---------- SUPPLIED MATERIAL

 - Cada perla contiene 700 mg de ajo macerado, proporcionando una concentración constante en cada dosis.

--------------------
---------- SUPPLIED MATERIAL

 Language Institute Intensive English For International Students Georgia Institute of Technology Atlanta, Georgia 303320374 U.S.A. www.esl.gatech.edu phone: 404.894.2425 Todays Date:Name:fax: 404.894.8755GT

--------------------
---------- SUPPLIED MATERIAL

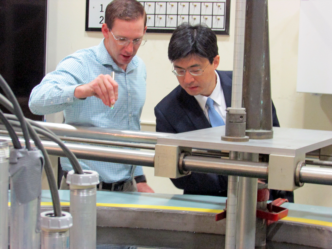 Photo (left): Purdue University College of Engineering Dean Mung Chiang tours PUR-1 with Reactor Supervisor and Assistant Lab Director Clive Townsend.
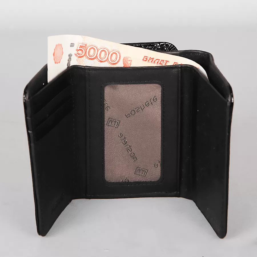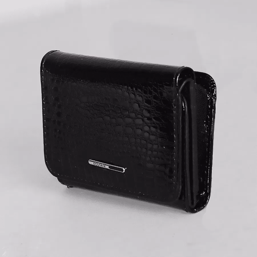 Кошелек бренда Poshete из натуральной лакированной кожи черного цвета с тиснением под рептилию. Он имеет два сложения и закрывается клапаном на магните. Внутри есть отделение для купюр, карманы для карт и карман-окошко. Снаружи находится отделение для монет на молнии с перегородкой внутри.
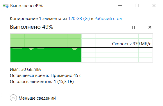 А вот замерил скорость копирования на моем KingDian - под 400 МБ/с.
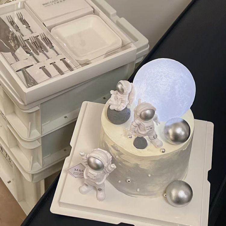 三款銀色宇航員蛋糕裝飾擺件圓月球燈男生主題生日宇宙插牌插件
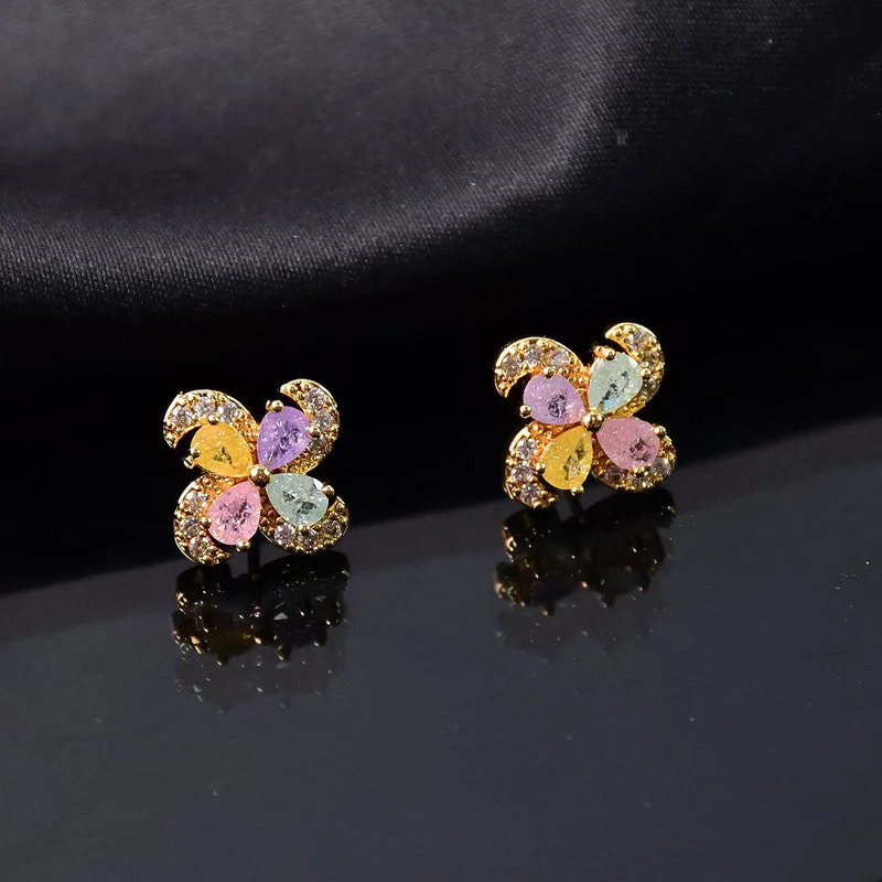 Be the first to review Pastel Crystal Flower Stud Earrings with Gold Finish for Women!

--------------------

Above are some entries. Restate word for word the lines from the one holding "А вот замерил" through the one holding "Be the first", but not the pictures.

 А вот замерил скорость копирования на моем KingDian - под 400 МБ/с.
 三款銀色宇航員蛋糕裝飾擺件圓月球燈男生主題生日宇宙插牌插件
 Be the first to review Pastel Crystal Flower Stud Earrings with Gold Finish for Women!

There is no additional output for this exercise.